The CBD has long been the epicentre of the Heritage battle of Melbourne. The City of Melbourne has recognised this and now has over 13,000 properties covered by Heritage Overlays. The Council’s recent crackdown on ‘facadism’ has seen some of the excesses of the past reduced. In this case described within the article below, the original building remains but it becomes part of a much larger building. There are many who believe that the Council’s determination doesn’t go far enough and treasured older buildings are still being removed or substantially re-developed in an inappropriate manner There doesn’t seem to be a sense of the ‘character’ of Melbourne that is being consistently adhered to.
Here is the article from The Age newspaper examining this most recent ‘victory for the people’ for your consideration. The real question might be whether or not this just might be a clever version of ‘facadism’.
Victory for people power’: CBD site saved from demolition as developer plans $34m ‘top-up’ tower
By Cara Waters
December 7, 2021 — 4.57pm
Outcry from residents and activists means plans to knock down a century-old building in the heart of Melbourne’s Hardware Lane district and replace it with a 23-storey hotel have been abandoned.
Melbourne House at 360 Little Bourke Street has been saved from demolition following a campaign over several years, but residents are concerned heritage protections in the CBD do not go far enough.
In 2018 the City of Melbourne gave Singapore-based developer Roxy Pacific the green light to tear down the building, which did not have heritage protection, and replace it with a 308-room hotel.
However, Roxy Pacific has shelved those plans and will instead undertake a $34 million redevelopment and refurbishment of the building for retail and office use.
The development will retain Melbourne House’s six-storey facade and add an eight-storey extension on top, which will be set back from the street.
The City of Melbourne has approved the new plans, with construction expected to start in the next three years.
Images Source: Bates Smart
The Hoddle Grid Heritage Review in 2011 described Melbourne House, built in 1923, as a site of “aesthetic significance” and a “good example of boom-period capital-zone warehouse distinguished by its unusual and particularly flamboyant facade and its early use of the Queen Anne revival style”.
The reprieve for Melbourne House follows the bulldozing of the 1920s Melbourne Theosophical Society building on Russell Street earlier this year and the tearing down of the Tramways Board building and the former National Mutual building in the CBD.
Deputy lord mayor Nicholas Reece said the council was pleased Melbourne House could be saved.
“This is a win for people power and the inner-city locals who have campaigned for the retention of this building for many years,” he said.

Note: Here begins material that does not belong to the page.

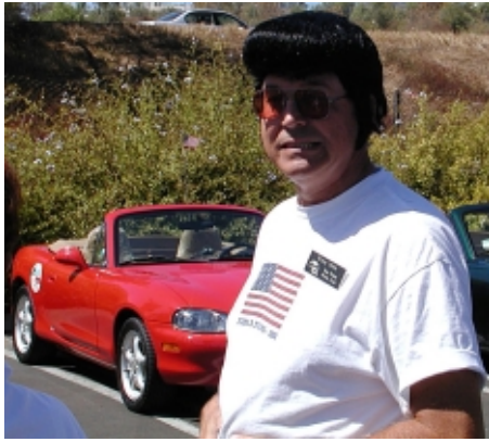
Everyone showed up for the Back to the 50's Run, even "The King" was there. Not looking too good there, King.

“It was heartbreaking that it was scheduled to be demolished due to lack of protections. This new proposal will retain much of the interwar building with its Manhattan-style facade, which is a great contributor to the character and identity [of] the CBD.”
Rather than “facadism” – in which the building is gutted, leaving just the front like a stage set – the planned redevelopment is known as a “top-up”, retaining much of the original building and adding additional storeys.
Mark Baker has lived in the street for more than two decades and said the building and proposed development were significant for Melbourne.
“We are certainly pleased that Melbourne House is being saved, that it is not being demolished, that the facade will remain, because it is an important building,” he said. “It should always have been protected. There was a screw-up in the process around the heritage overlay for that area.”
However, Mr Baker said residents and traders had been left in the dark about the amended plans, with council not consulting them.
“This is a disgraceful situation because there’s been no consultation, no notification of surrounding property owners, including our building,” he said. “Our owners’ corporation has not been advised of any decision or been given any opportunity to review or to respond at this point.”
Mr Baker said it was good news the building would not be demolished, “but it’s happened by accident, not by design”.
“Hardware Lane precinct is one of the most important historic heritage areas of the City of Melbourne and the planning decisions in relation to it have been an abomination over the years,” he said.
“The council rides on the back of the laneway culture of Melbourne but does nothing at the end of the day to really protect what is a priceless part of our city and the fabric of our city.”
Heritage Victoria executive director Steven Avery said the City of Melbourne had almost 13,000 properties on its heritage overlay requiring a planning permit from council to make a change.
“The City of Melbourne has been a diligent partner in protecting our state’s heritage,” he said. “Melbourne is one of the more proactive councils in protecting their local heritage – commissioning timely heritage reviews and keeping their heritage overlay up to date.”